MRI in patients (II:3 and II:5) revealed serious fatty replacement in posterior and medial compartments of the thigh muscles and almost all lower leg muscles, which also presented in the buttock muscles of the patient (II:3). (A and B), axial T1‐weighted and axial PDw SPAIR MRI of thigh, lower leg and buttock muscles in patient (II:3). (C and D), axial T1‐weighted and axial PDw SPAIR MRI of thigh and lower leg muscles in patient (II:5)
Table 1.
Clinical characteristics of affected family members with GNE myopathy
| II:3 | II:5 | |
|---|---|---|
| Age (years) | 32 | 30 |
| Age at onset of symptoms (years) | 24 | 26 |
| Sex | Female | Female |
| Genotype | Homozygote | Homozygote |
| Onset symptoms | Difficulty in climbing stairs | Difficulty in climbing stairs |
| Walking capability | Ambulant with assistance | Ambulant with assistance |
| ECG | Normal | Normal |
| EMG | Normal NCV, myogenic damage | Normal NCV, myogenic damage |
| Serum CK levels (U/L)a | 287 | 310 |
| Muscle strength (MRC grade; Left/Right) | ||
| Biceps | 2/2 | 3+/3+ |
| Triceps | 2/2 | 3+/3+ |
| Wrist flexor | 4/4 | 4+/4+ |
| Wrist extensor | 4/4 | 4+/4+ |
| Interossei | 4+/4+ | 4+/4+ |
| Hip‐girdles | 3/4 | 3/4 |
| Hip adductors | 1/1+ | 1/1+ |
| Hip abductors | 1/2 | 1+/2+ |
| Knee flexors | 1+/1+ | 2/3 |
ECG, electrocardiography; EMG, electromyography; NCV, nerve conduction velocities; CK, serum creatine kinase.
Normal range: 40‐200 U/L (female), MRC: Medical Research Council.
Family members denied consanguineous marriage.
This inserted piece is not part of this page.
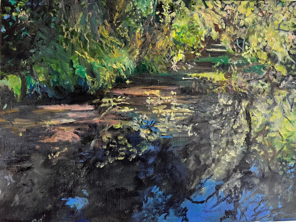 Margaret, who spent 37 years working as a GP in Johnstone, rediscovered her passion for art when she semi-retired 18 years ago. Local art clubs and classes helped her build confidence and develop her skills, eventually leading to an Honours Degree in Painting from the University of Creative Arts in London. Her degree show, “Heartlands”, was exhibited at the Beacon Arts Centre in Greenock. She is now a member of both the Paisley Art Institute and the Glasgow Society of Women Artists.

Sibling disease co‐occurrence and the absence of transmission through different generations indicate an autosomal recessive inheritance mode.
3.2. GNE mutation screening
A prioritization scheme similar to those described in recent studies was used to identify proband pathogenic variants.13, 18, 19 Only a homozygous missense variant, c.1627G>A (p.V543M), in the GNE gene (NM_001128227, hGNE2 isoform NP_001121699) was suspected as the proband pathogenic variant. No other variants of known disease‐causing genes of neuromuscular disorders were identified. The variant was subsequently confirmed by Sanger sequencing. The same homozygous variant was identified in her affected elder sister (II:3) (Figure 1B). Family members (I:1, I:2, II:1, II:7, III:1, III:2 and III:3) presented heterozygous variant (Figure 1C). The homozygous variant co‐segregated with disease in the family, and this variant was absent from both the 200 unrelated Han‐Chinese healthy controls and the public databases, such as 1000 Genomes Project, Exome Aggregation Consortium database (ExAC), NHLBI GO Exome Sequencing Project (ESP) and Genome Aggregation Database (gnomAD) (Figure 1D).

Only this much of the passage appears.